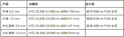 SteelOrbis全球钢铁网获悉,截止5月29日,台湾全流程钢铁产商中钢集团旗下主要冷热轧再轧商中鸿钢铁公司决定将6月交货期的扁平材出厂价保持不变,具体如下:
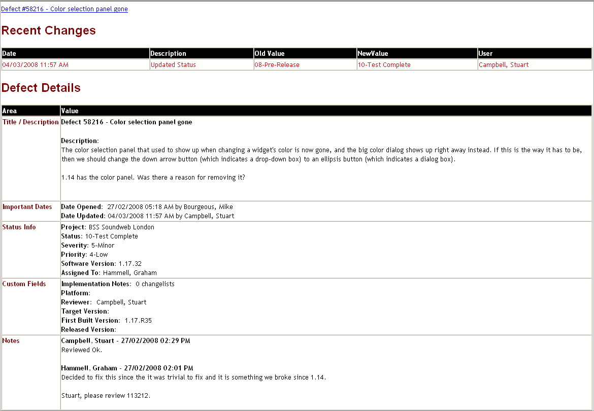 For example, if the Email Alert Subject is Defect {Id} – {Title}, then when the email alert is sent the {Id} and {Title} will be replaced with the actual values for that defect, like in the following example:
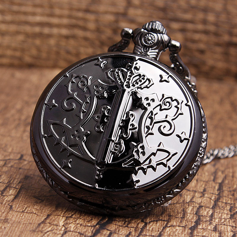 Unisex Shining Smooth Full Metal Alchemist Pendant Chian Quartz Pocket Watch
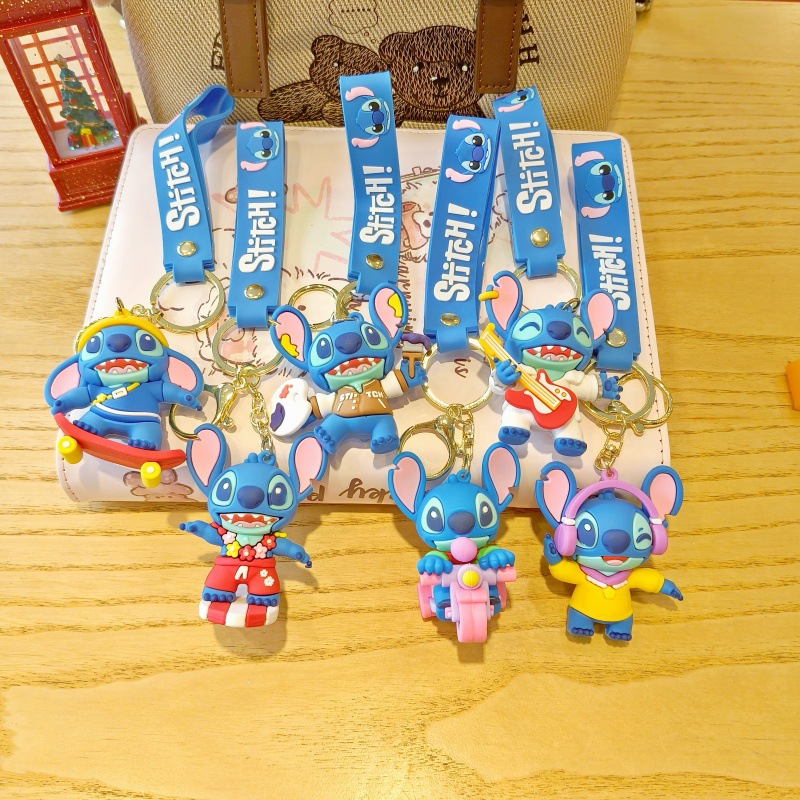 새로운 창조적 인 만화 스티치 키 체인 스트리트 스티치 인형 학교 가방 펜던트 액세서리 키 체인 도매스토어 가기
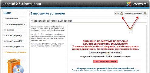 После завершения установки можно перейти в панель Администратора www.mysait.ru/administrator
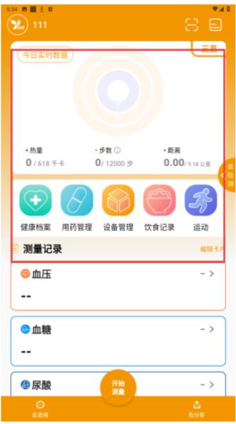 2、查看热量、步数数据,点【健康档案】等功能管理健康。
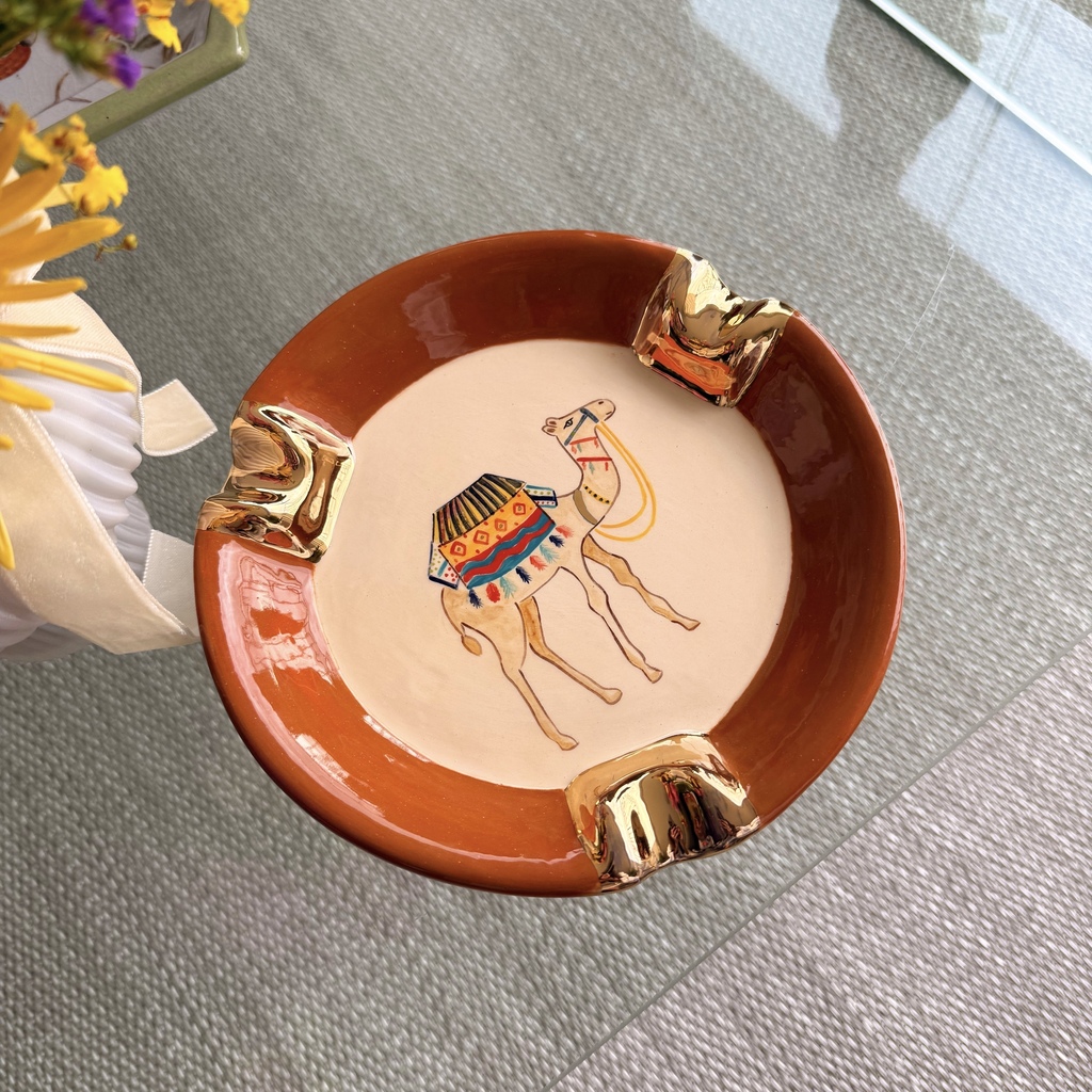 Inspirado nas paisagens áridas e encantadoras do deserto, o Cinzeiro Dunas é uma peça em cerâmica pintada à mão, com ilustração de camelo e bordas esmaltadas em tom terroso. Os apoios são finalizados com detalhes em ouro, trazendo um toque de brilho e sofisticação à rusticidade da peça.
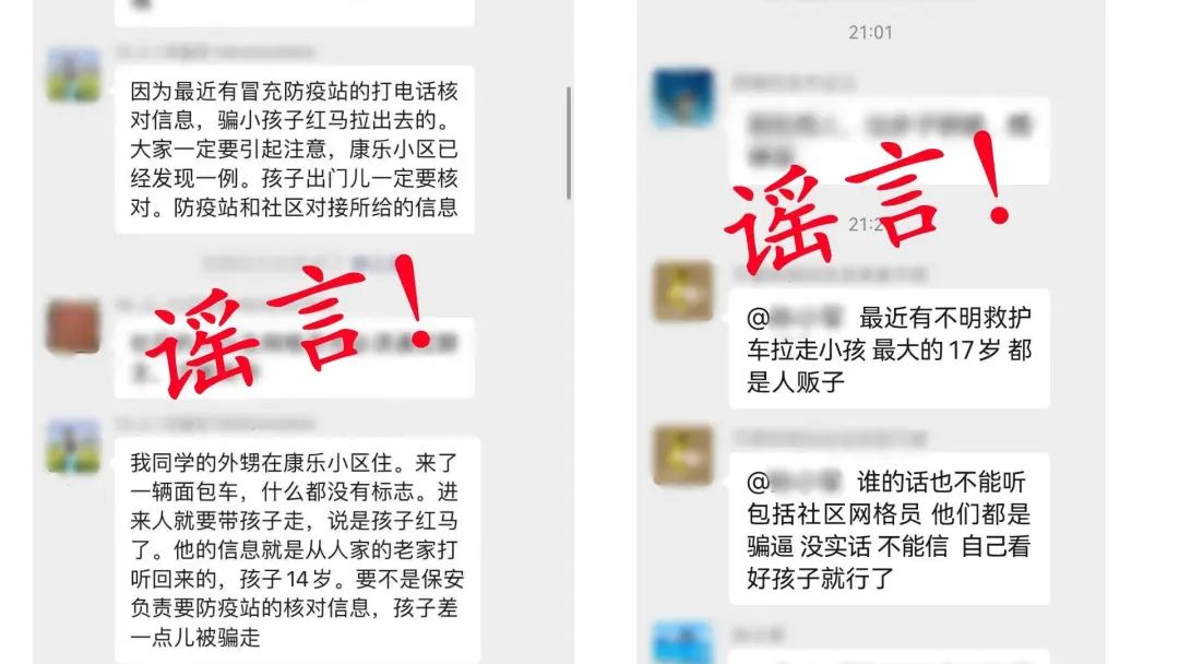 近日,本地微信群傳播:“最近有冒充防疫站的打電話核對(duì)信息,騙小孩紅馬拉出去的。大家一定要引起注意,康樂(lè)小區(qū)已經(jīng)發(fā)現(xiàn)一例”、“最近有不明救護(hù)車(chē)?yán)咝『?,最大?7歲,都是人販子”。
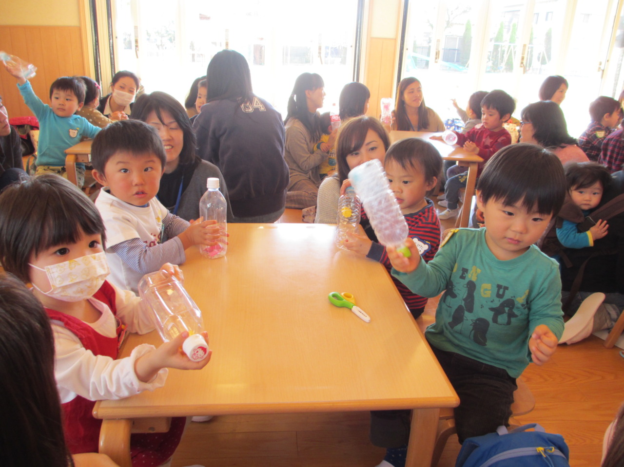 ペットボトルの中に切った色画用紙・お米・あずき・どんぐりが入った素敵なマラカスが出来上がりました♪
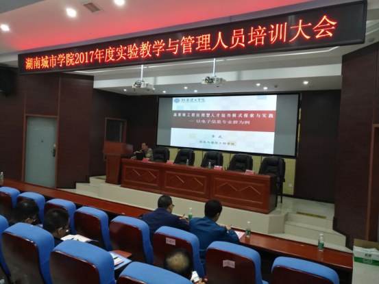 近日,应湖南城市公司邀请和公司教务处委派,beats365官方网站经理李武带队赴湖南城市公司进行交流,并面向该校相关校领导、教务处领导、各公司经理及分管实践教学副经理、以及实验室管理人员,做了题为《高素质工程应用型人才培养模式探索与实践—以电子信息专业群为例》的专题报告。
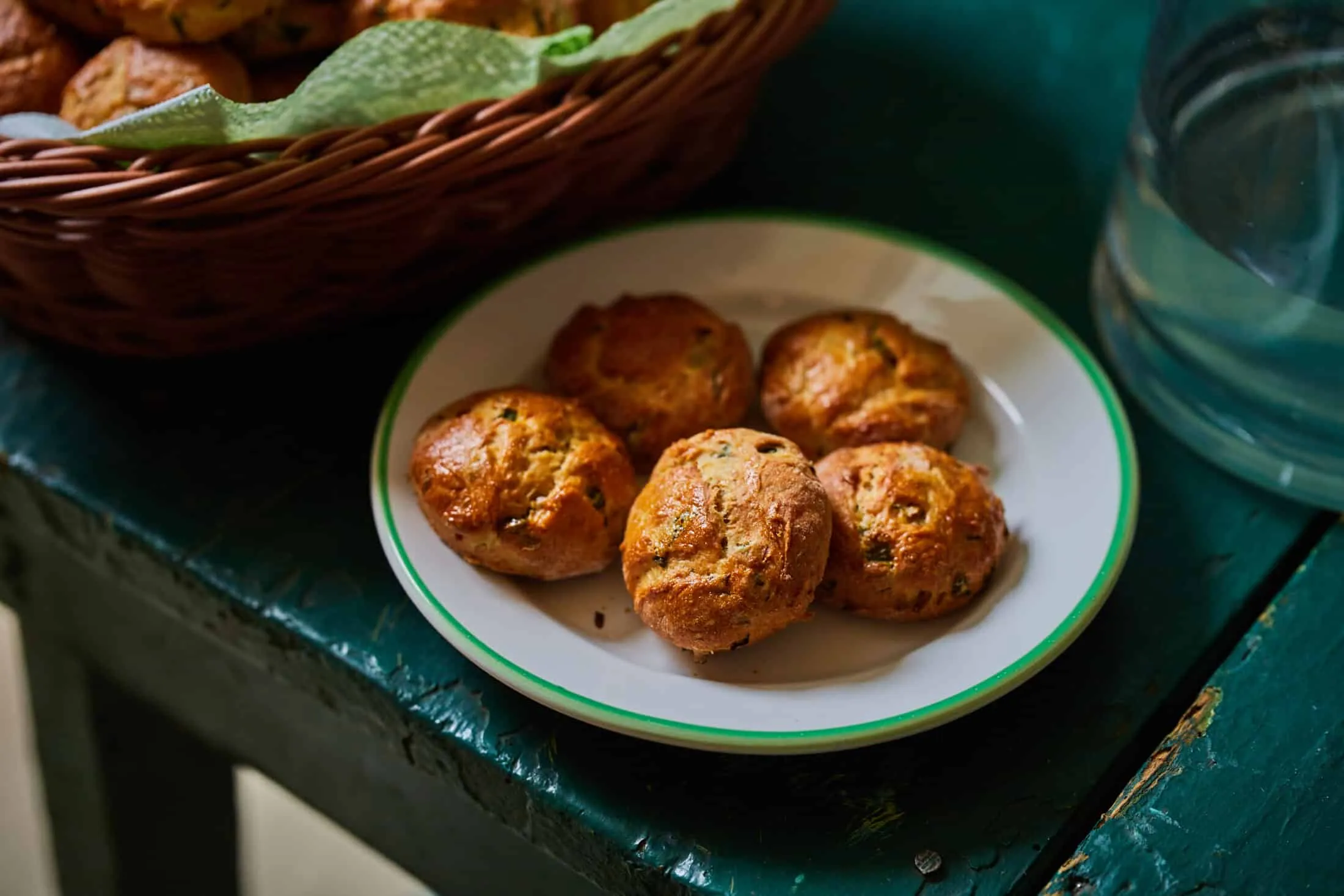 A pogácsákat tepsire sorakoztatjuk, a tetejüket lekenjük a tojással, és 180 fokra előmelegített sütőben 17-18 perc alatt megsütjük.
━━━━━━━━━━━━━━━━━━━━━━━━━━━━━━
● Your objective: From the line containing "После завершения установки" through the last line of the listing, inclusive, transcribe every line exactly and nothing else; the pictures stay out.

● Reply to the exercise:
 После завершения установки можно перейти в панель Администратора www.mysait.ru/administrator
 2、查看热量、步数数据,点【健康档案】等功能管理健康。
 Inspirado nas paisagens áridas e encantadoras do deserto, o Cinzeiro Dunas é uma peça em cerâmica pintada à mão, com ilustração de camelo e bordas esmaltadas em tom terroso. Os apoios são finalizados com detalhes em ouro, trazendo um toque de brilho e sofisticação à rusticidade da peça.
 近日,本地微信群傳播:“最近有冒充防疫站的打電話核對(duì)信息,騙小孩紅馬拉出去的。大家一定要引起注意,康樂(lè)小區(qū)已經(jīng)發(fā)現(xiàn)一例”、“最近有不明救護(hù)車(chē)?yán)咝『?,最大?7歲,都是人販子”。
 ペットボトルの中に切った色画用紙・お米・あずき・どんぐりが入った素敵なマラカスが出来上がりました♪
 近日,应湖南城市公司邀请和公司教务处委派,beats365官方网站经理李武带队赴湖南城市公司进行交流,并面向该校相关校领导、教务处领导、各公司经理及分管实践教学副经理、以及实验室管理人员,做了题为《高素质工程应用型人才培养模式探索与实践—以电子信息专业群为例》的专题报告。
 A pogácsákat tepsire sorakoztatjuk, a tetejüket lekenjük a tojással, és 180 fokra előmelegített sütőben 17-18 perc alatt megsütjük.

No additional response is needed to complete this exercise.